Slangen worden over de hele wereld gevreesd. Hoewel slangen in sommige delen van Azië en Afrika gedomesticeerd zijn, worden slangen in verband gebracht met gevaarlijk gif dat onmiddellijke dood of zelfs amputatie kan veroorzaken. Het gif en de werking van het gif verschillen per slangtype. Het is belangrijk om de bestaande slangen te kennen, want als u door een slang wordt geslagen, zullen de details van de slang van invloed zijn op uw behandeling.
Slangen die klein en giftig zijn en zich in hun omgeving kunnen camoufleren, zijn het meest dodelijk. Ze zijn giftig en toch moeilijk te zien. Het is als een onvoorzienbare dood. Dat zijn de kenmerken van de groene struikadder. De adder behoort tot het geslacht Atheris, bestaande uit giftige adders.
De groene struikadder wordt vaak aangetroffen in tropisch Afrika bezuiden de Sahara, met uitzondering van zuidelijk Afrika. Je kunt de slangen ook in een deel van het regenwoud vinden. De slangen zijn klein en hun volwassenen meten tot 40 cm of 16 inch van lichaam tot staart.
Het onderscheidende kenmerk van de slangen dat ze ondefinieerbaar maakt, is hun driehoekige kop en hun groene kleur. De groene struikadder heeft relatief grote ogen met elliptische pupillen. Een schub van 1-3 rijen scheidt de ogen van de supralabials en bevindt zich 2-3 schubben verwijderd van de neus.
De slangen hebben een slank lichaam met taps toelopende kenmerken. Je kunt ze opmerken aan hun licht gecomprimeerde kenmerken waardoor ze kleiner van formaat zijn. Als je de slangen goed bekijkt, zul je beseffen dat ze dorsale schubben hebben die elkaar overlappen en sterk gekielde en apicale putjes van de schubben hebben die hun lichaam bedekken. Als je deze schubben zijdelings beoordeelt, zou je moeten zien dat ze kleiner zijn dan de middendorsalen.

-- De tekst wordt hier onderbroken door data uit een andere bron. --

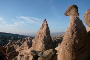 On se réjouissait d’y aller. On l’attendait avec impatience…. Aujourd’hui, on sait pourquoi ! C’est tout simplement phénoménal ! Au mois de décembre, sans personne sur les sites, sans queue dans les églises et avec une lumière chaude et douce du matin au soir pratiquement, la Capadocce est un vrai régal. Le spectacle est hallucinant. Que l’on parle des cheminées de fées, des églises rupestres et leurs peintures ou des villes souterraines, c’est clair, la Capadocce est un miracle de notre planète. Le sol de cette région – le tuf – est un mélange de cendres et de boues rejetées par les volcans alentours. Suite à l’érosion importante de ce sol très friable, la région s’est déchiquetée ou a ondulé par endroits. De la roche plus dure protège certains cônes et leur donne cette forme particulière, comme couverts d’un chapeau.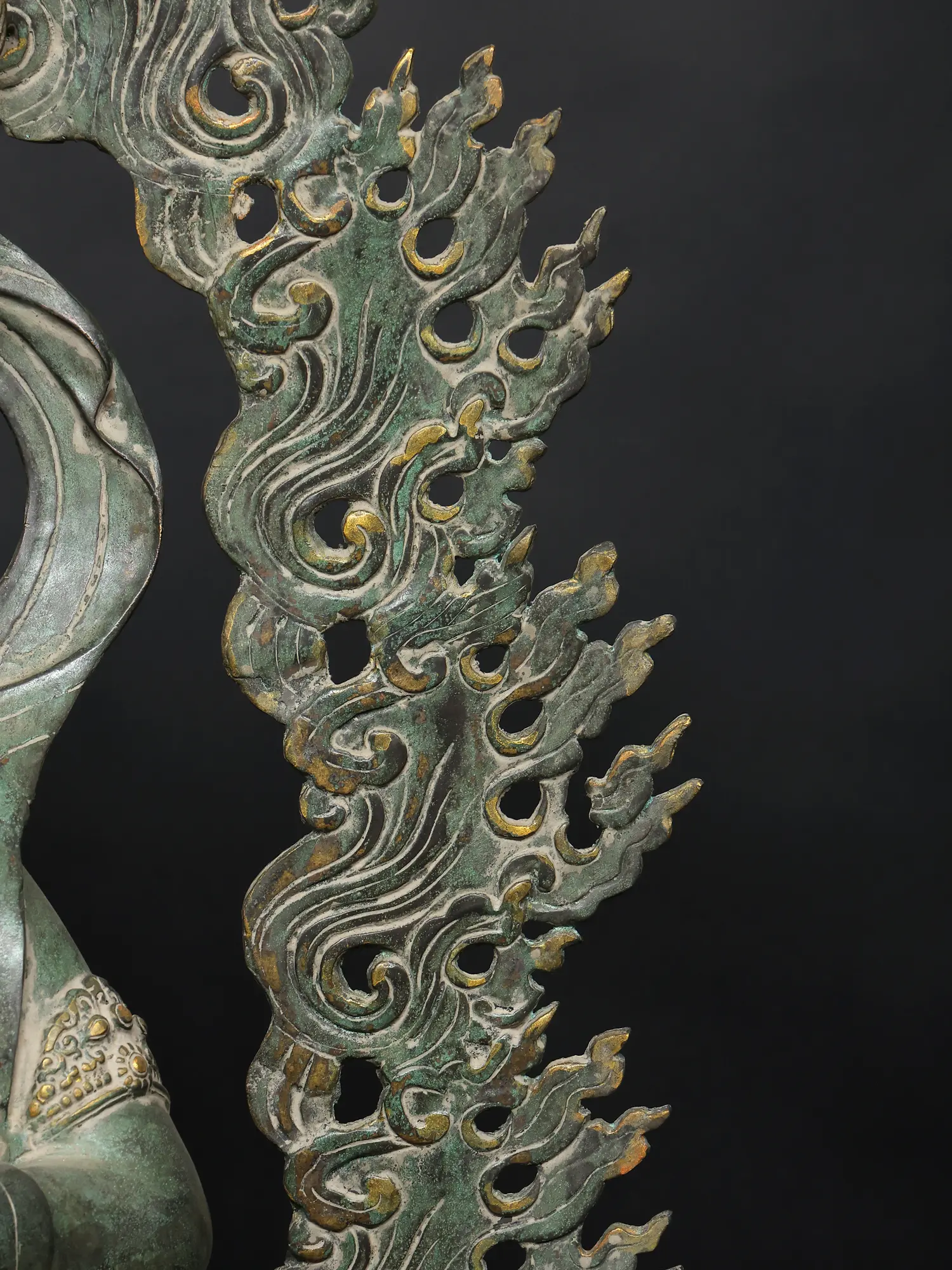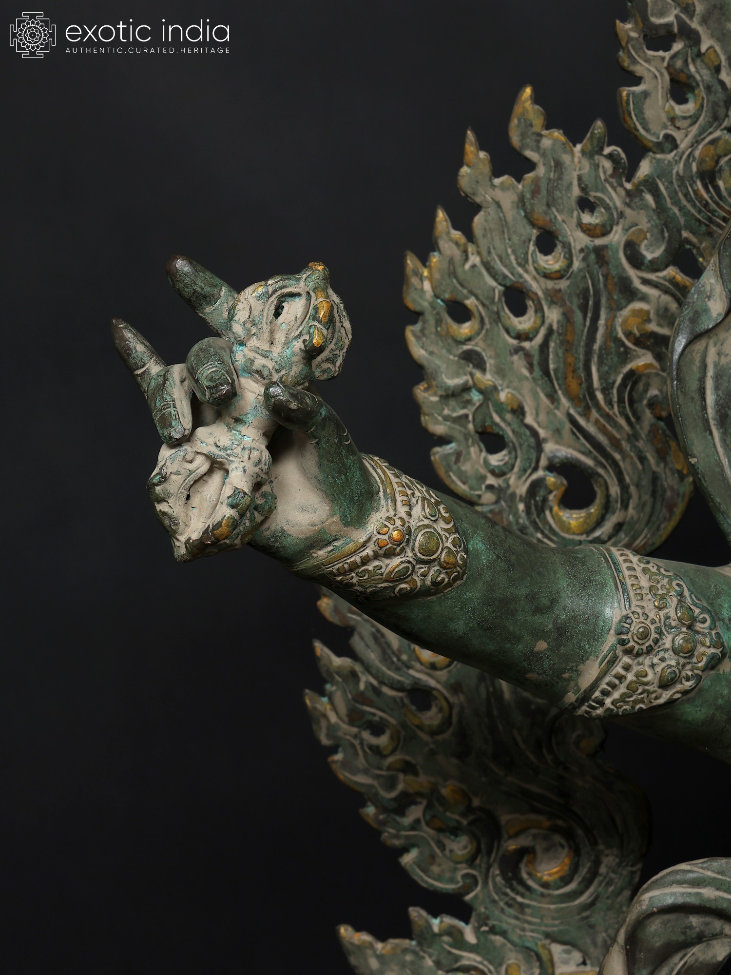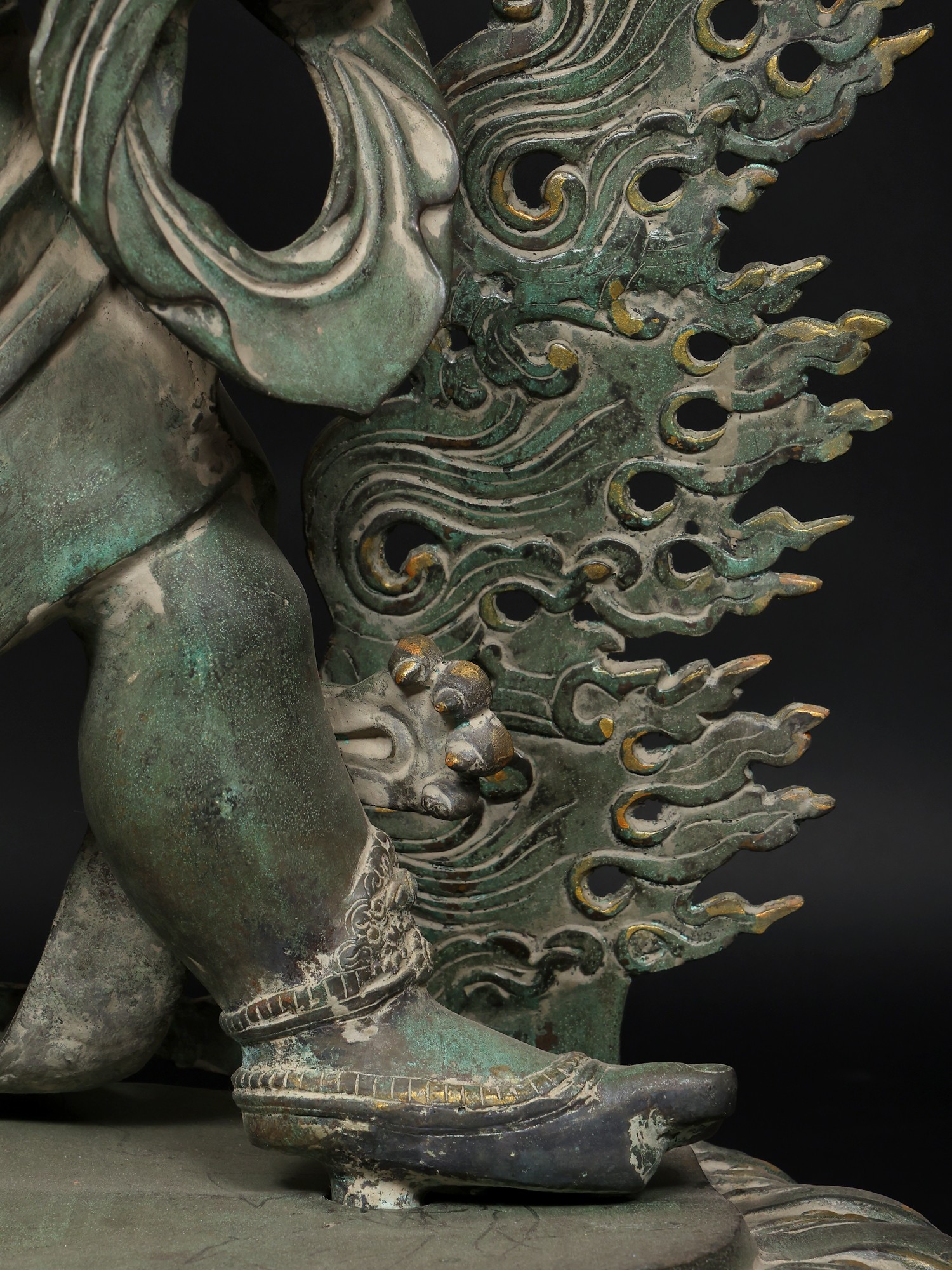 12" Buddhist Deity Vajrapani Idol with Fire Aureole | Handmade Brass Statue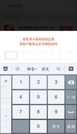 点击安装,会弹出窗口提示“请输入电视上显示的验证码”,电视屏幕上会出现相对应的4位验证码,手机上输入即可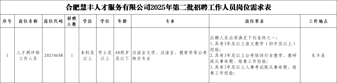 (一)招聘岗位详见《合肥慧丰人才服务有限公司2025年第二批招聘工作人员岗位需求表》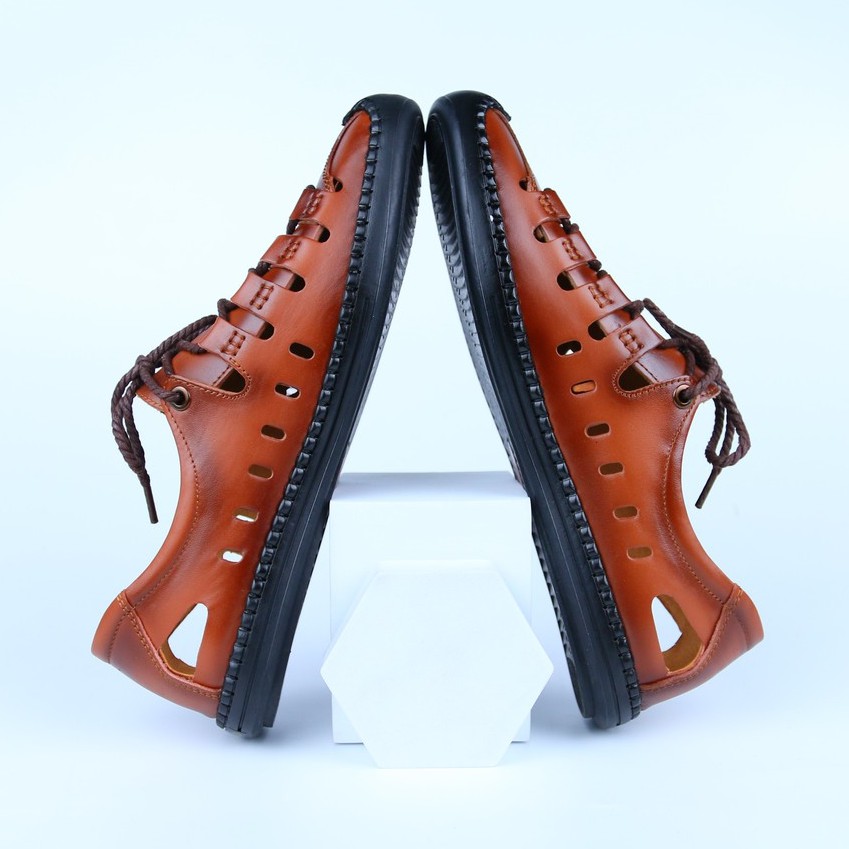 Giày nam mùa hè ST69 dục lỗ thoáng khí chất liệu da bò 100% đế cao su mềm mại , giày rọ -bảo hành 12 tháng free ship

Deze slangen leven voornamelijk in de regenwoudgebieden. Het zijn schuwe slangen; ze leven zo ver mogelijk van menselijke activiteit. Ze leven in gebieden die erg groen zijn, passend bij hun kleur. Hoewel ze giftig zijn, zijn de slangen niet agressief, maar reageren ze als ze gestoord worden.
De populatie van de slangen is aanzienlijk afgenomen door de vernietiging van het bosmilieu. De vernietiging van hun leefgebied zorgt ervoor dat de traditioneel opgesloten slang gebruik maakt van een nieuwe omgeving waar ze te lijden hebben onder predatie, naast andere uitdagingen die resulteren in de vermindering van hun populatie. De slangen zijn strikt boombewonend, wat betekent dat ze in bomen leven. In zeldzame gevallen kunnen ze op de grond of in struiken worden aangetroffen.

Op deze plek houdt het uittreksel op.